DRM vs. Fair Use

by on February 1, 2006 · 10 comments

My ex-roomie Julian offers another example of how digital rights management technology is needlessly inconveniencing paying customers:

A politics professor at a small liberal arts college is bringing a class to D.C. in March and has asked me to talk to his students, who have been doing a seminar on protest music in American politics, about some of the ideas in this column. Naturally, I’d like to be able to illustrate what I’m talking about with some examples, short clips from songs by Metric, Rilo Kiley, Green Day, Radiohead, Mike Doughty, The Decemberists, and others. I own all the songs in question–bought them on iTunes rather than just downloading them from Limewire or Kazaa. But Apple’s DRM doesn’t want to let me extract these short clips–indubitably a fair use, and something I could obviously do legally just by cueing up the songs manually at the appropriate timecode.

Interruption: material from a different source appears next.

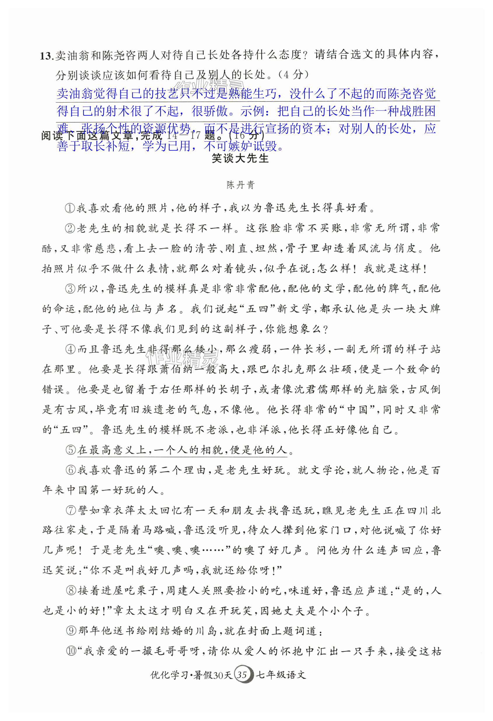 注:目前有些书本章节名称可能整理的还不是很完善,但都是按照顺序排列的,请同学们按照顺序仔细查找。练习册 2024年优化学习暑假30天七年级语文河海大学出版社 答案主要是用来给同学们做完题方便对答案用的,请勿直接抄袭。

I’d be curious to know what DMCA supporters think he should do in this kind of case. Should he write a letter to each of the labels that publish these songs and ask for permission to use the exceprts? Should iTunes have a feature where you’re allowed to purchase small song clips for a nickel a piece? Or is it just possible that the most sensible way to deal with this sort of thing is to legalize DRM circumvention in circumstances where the use would otherwise be legal.